PROBLEM REQUIREMENTS: With the pictures left out, restate every entry word for word.

Dataset entries:
● ● ● ● ● ● ●

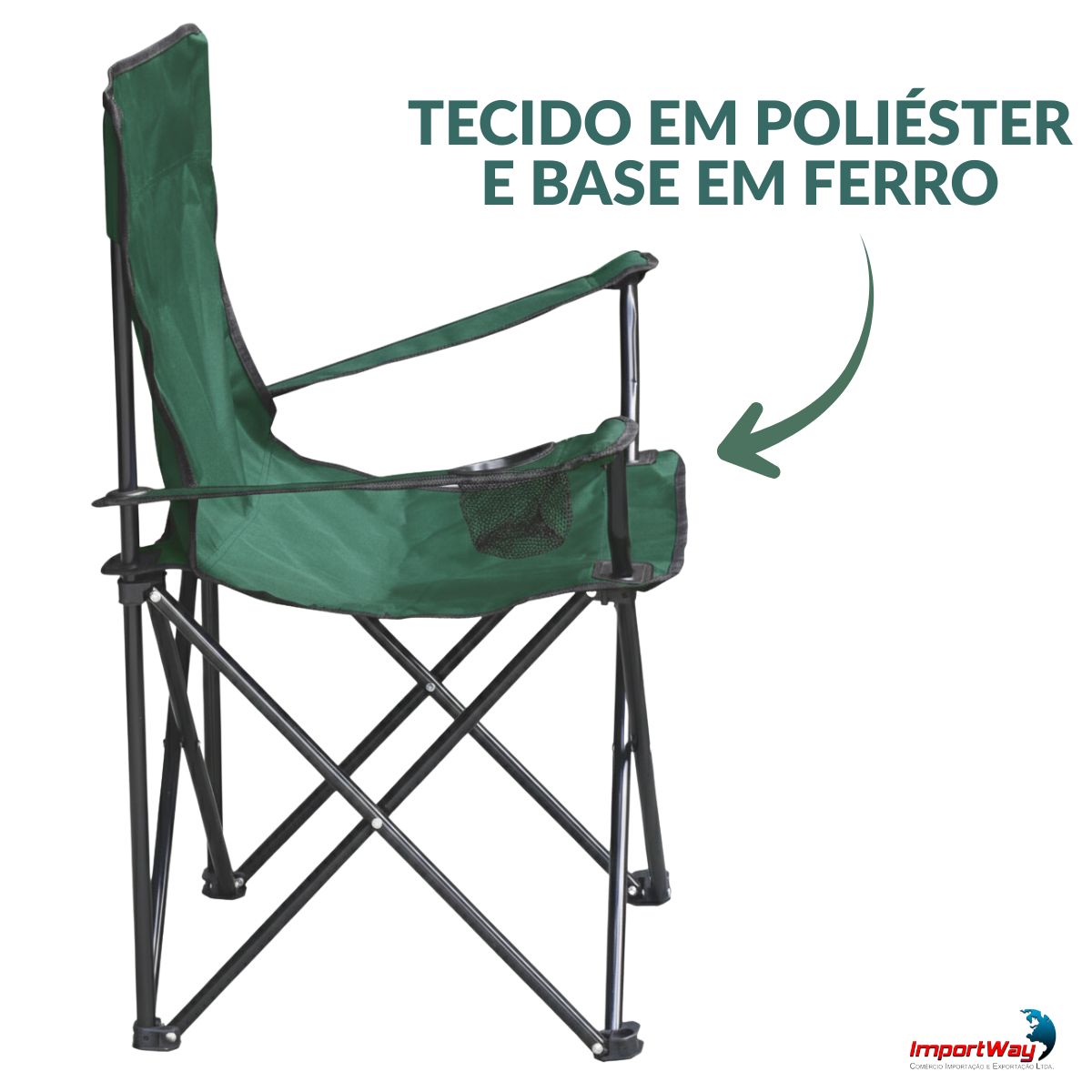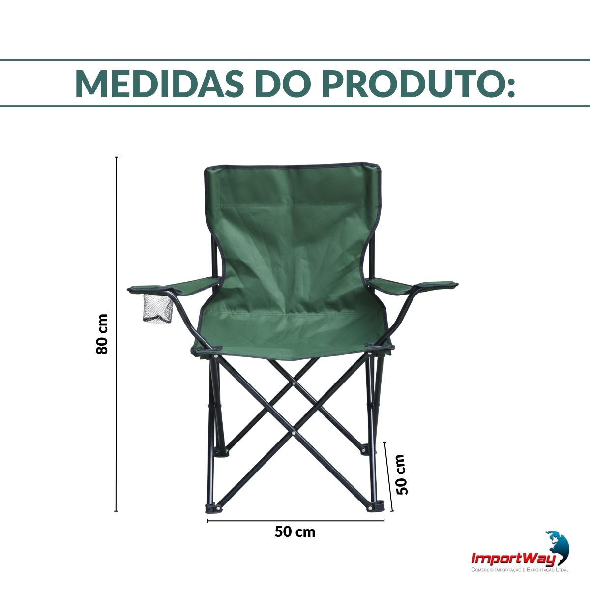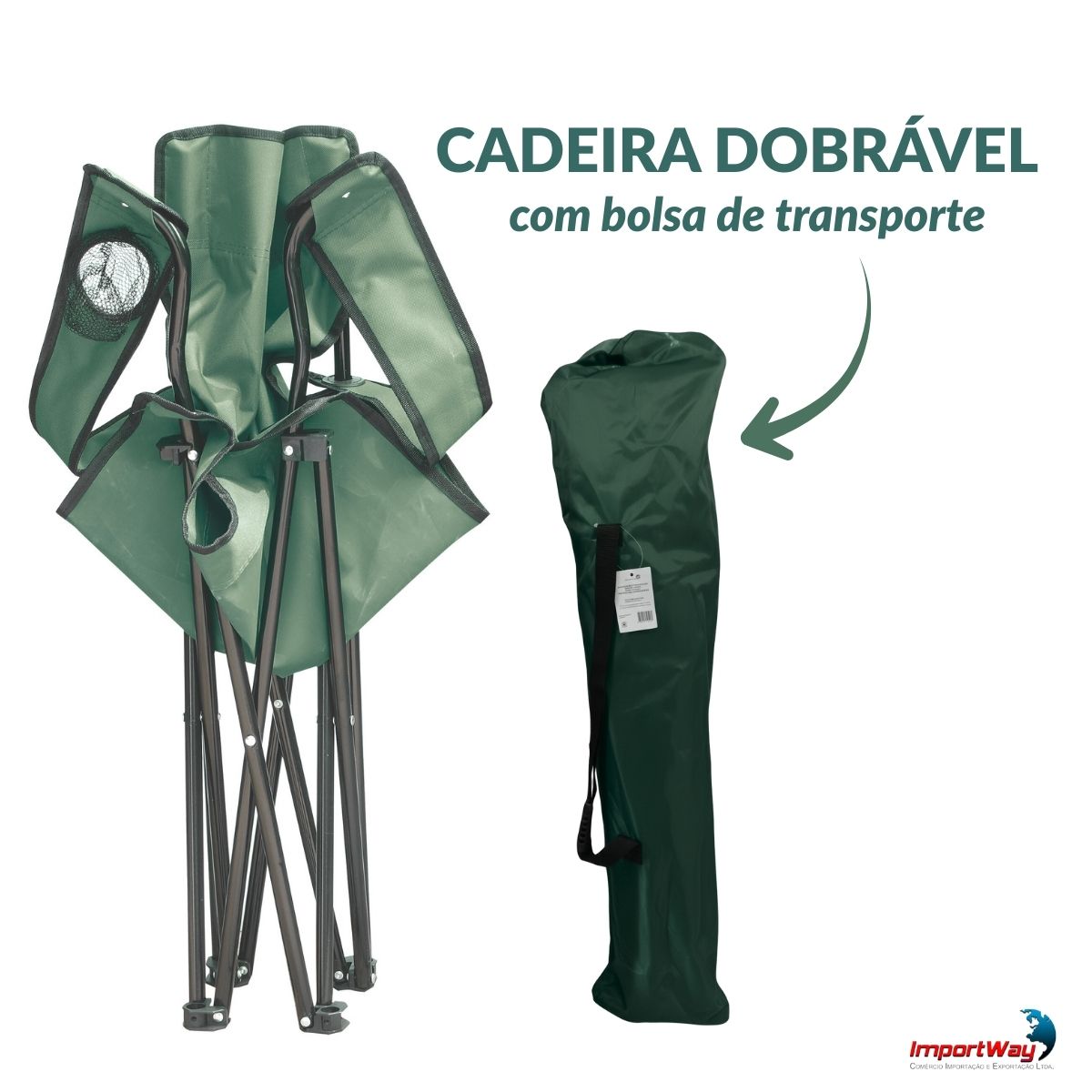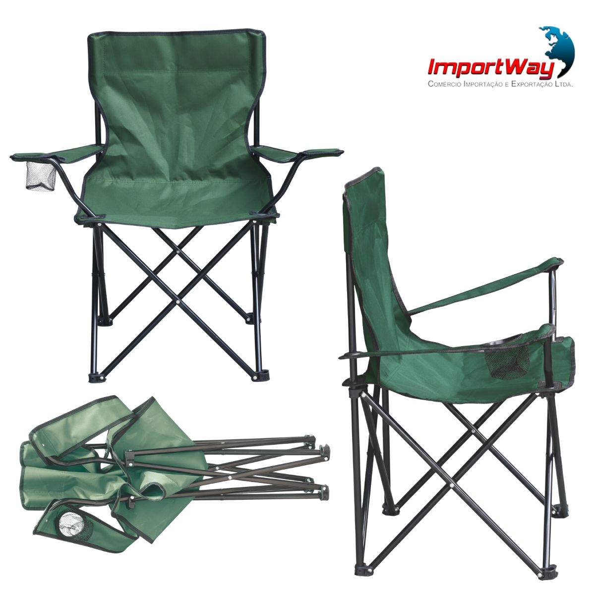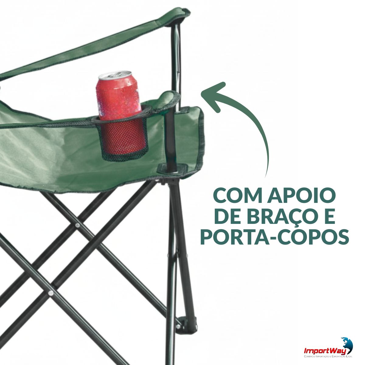 Cadeira Camping Com Apoio De Braço E Porta Copos Verde Importway
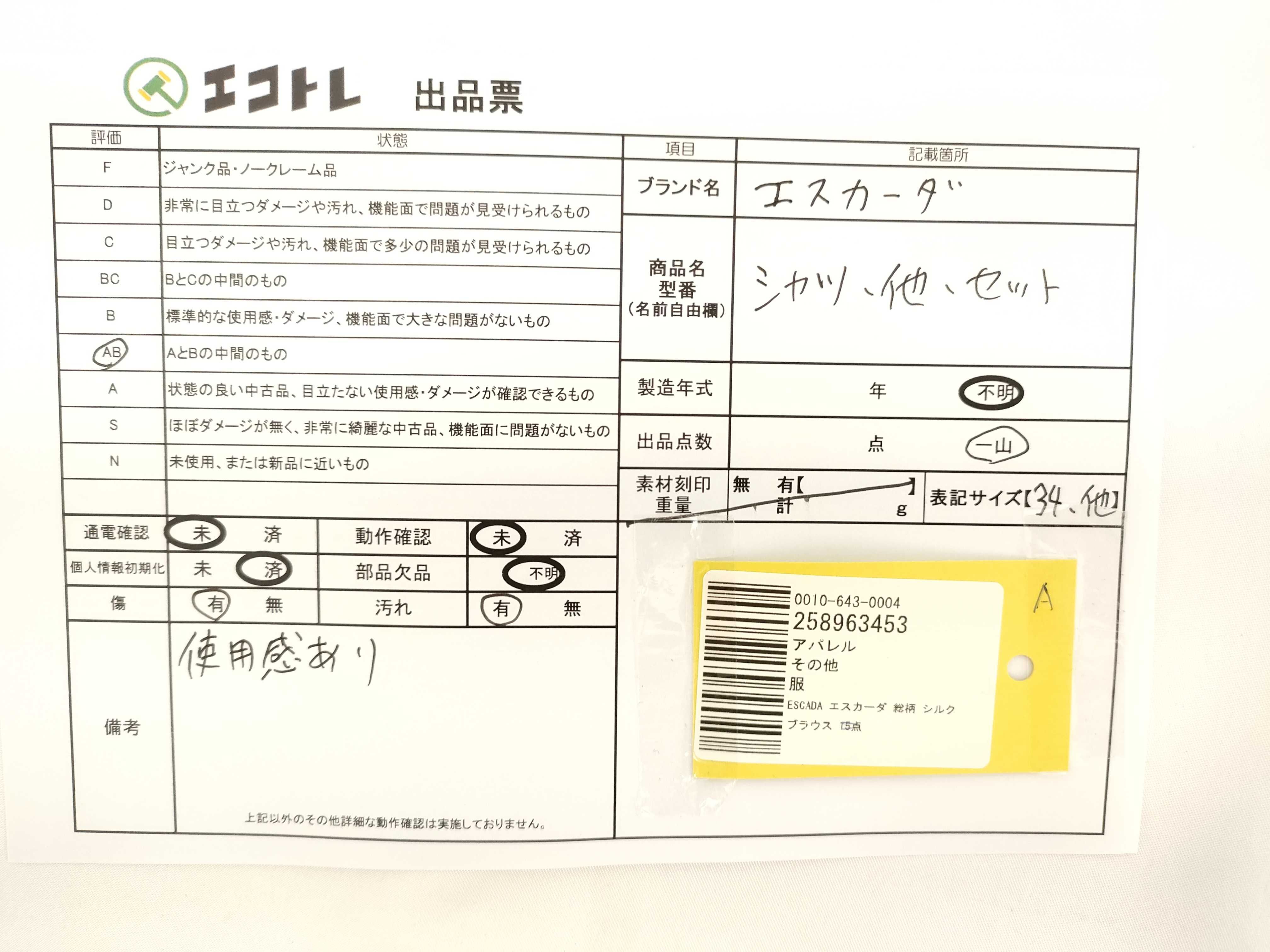 商品内容によって、JITBOXなどでの発送となる可能性がございます事ご理解下さい。年式などの商品情報詳細は写真にてご確認願います。※ご入札の際はご利用規約をよくお読みになってからのご参加お願いします。","タイプライン":"","カテゴリ":"アパレル","形状コード":"シャツ","付属品コード":"","シリアル・シール・型番":""
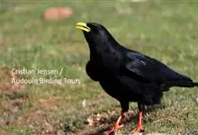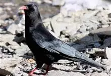 红嘴山鸦,是脊索动物门鸟纲雀形目鸦科鸟类。红嘴山鸦的成鸟通体羽毛纯黑色具有蓝色金属光泽,翼和尾泛有蓝绿色金属光泽;虹膜暗褐色,喙较为尖细,并且呈镰状下弯,喙和脚朱红色。…全部>>
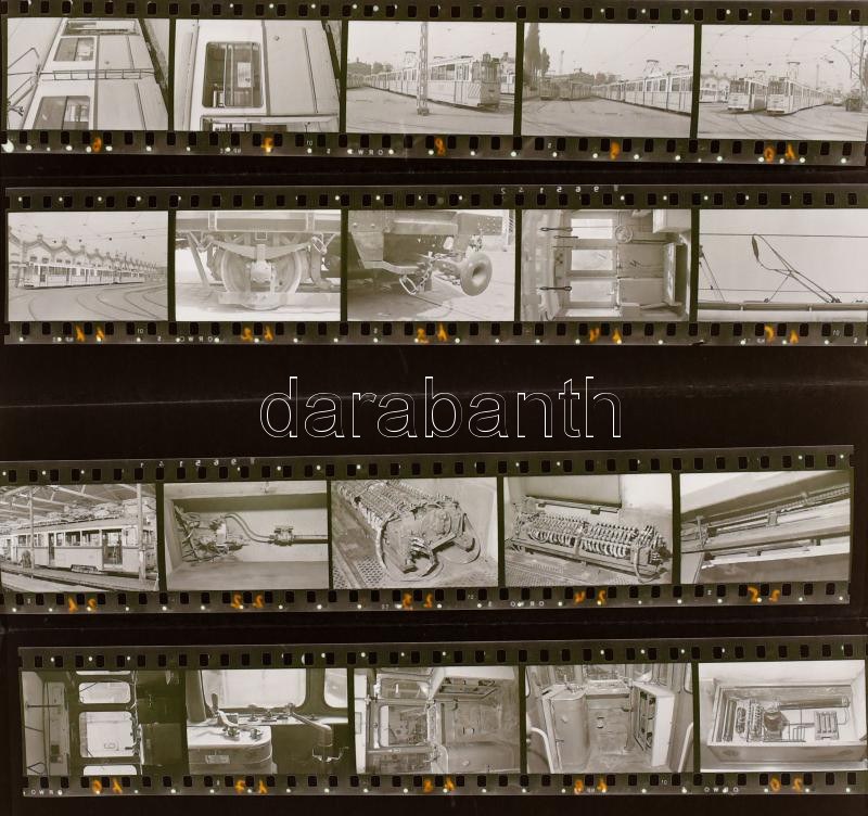 1982 Villamoskocsik és berendezéseik, 35 db vintage NEGATÍV, eredeti felirat a negatívtartóban belül...
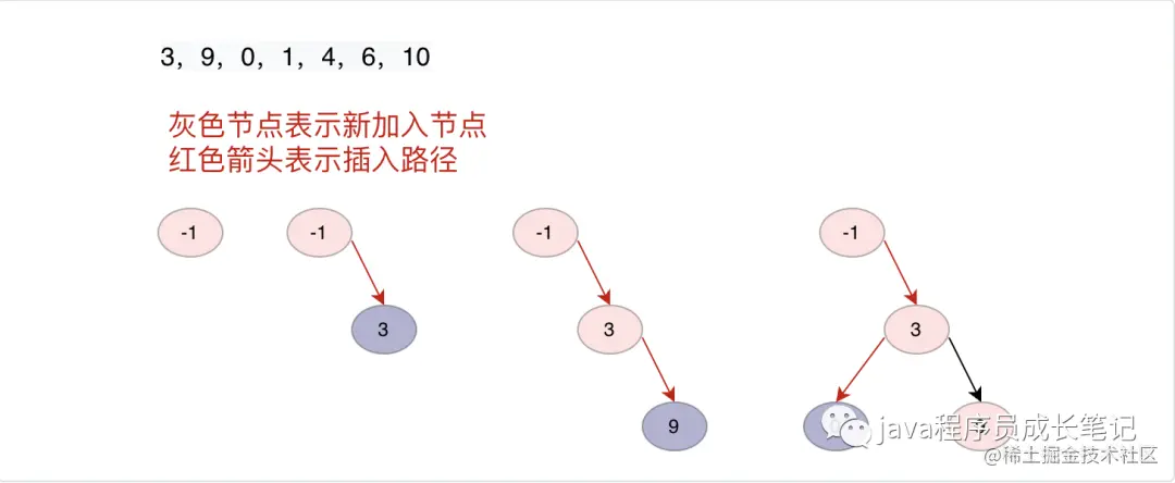 从头节点开始我们遍历二叉搜索树,如果当前节点值小于等于插入节点值,则插入节点在当前节点的右子树上,否则在左子树上,一直深度遍历知道当前节点的右子树(左子树)为空,则插入。
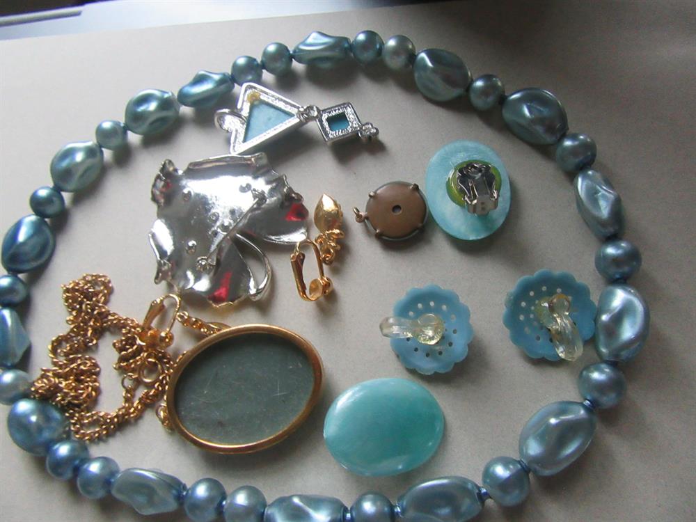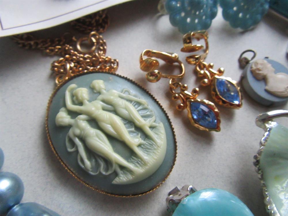 Vintage jewelry lot. The blue pop it beads measure 20" long, Four pairs of earrings. Four pairs are clips, one is a 1940's plastic slide on backs (made during WWII when using metal was a no-no), and one pair of pierced newer earrings. A faux cameo necklace, rhinestone leaf pin, small faux cameo pendant that needs a bath, and a newer faux turquoise triangular pendant.

● ● ● ● ● ● ●

RESPONSE BELOW:
 Cadeira Camping Com Apoio De Braço E Porta Copos Verde Importway
 商品内容によって、JITBOXなどでの発送となる可能性がございます事ご理解下さい。年式などの商品情報詳細は写真にてご確認願います。※ご入札の際はご利用規約をよくお読みになってからのご参加お願いします。","タイプライン":"","カテゴリ":"アパレル","形状コード":"シャツ","付属品コード":"","シリアル・シール・型番":""
 红嘴山鸦,是脊索动物门鸟纲雀形目鸦科鸟类。红嘴山鸦的成鸟通体羽毛纯黑色具有蓝色金属光泽,翼和尾泛有蓝绿色金属光泽;虹膜暗褐色,喙较为尖细,并且呈镰状下弯,喙和脚朱红色。…全部>>
 1982 Villamoskocsik és berendezéseik, 35 db vintage NEGATÍV, eredeti felirat a negatívtartóban belül...
 从头节点开始我们遍历二叉搜索树,如果当前节点值小于等于插入节点值,则插入节点在当前节点的右子树上,否则在左子树上,一直深度遍历知道当前节点的右子树(左子树)为空,则插入。
 Vintage jewelry lot. The blue pop it beads measure 20" long, Four pairs of earrings. Four pairs are clips, one is a 1940's plastic slide on backs (made during WWII when using metal was a no-no), and one pair of pierced newer earrings. A faux cameo necklace, rhinestone leaf pin, small faux cameo pendant that needs a bath, and a newer faux turquoise triangular pendant.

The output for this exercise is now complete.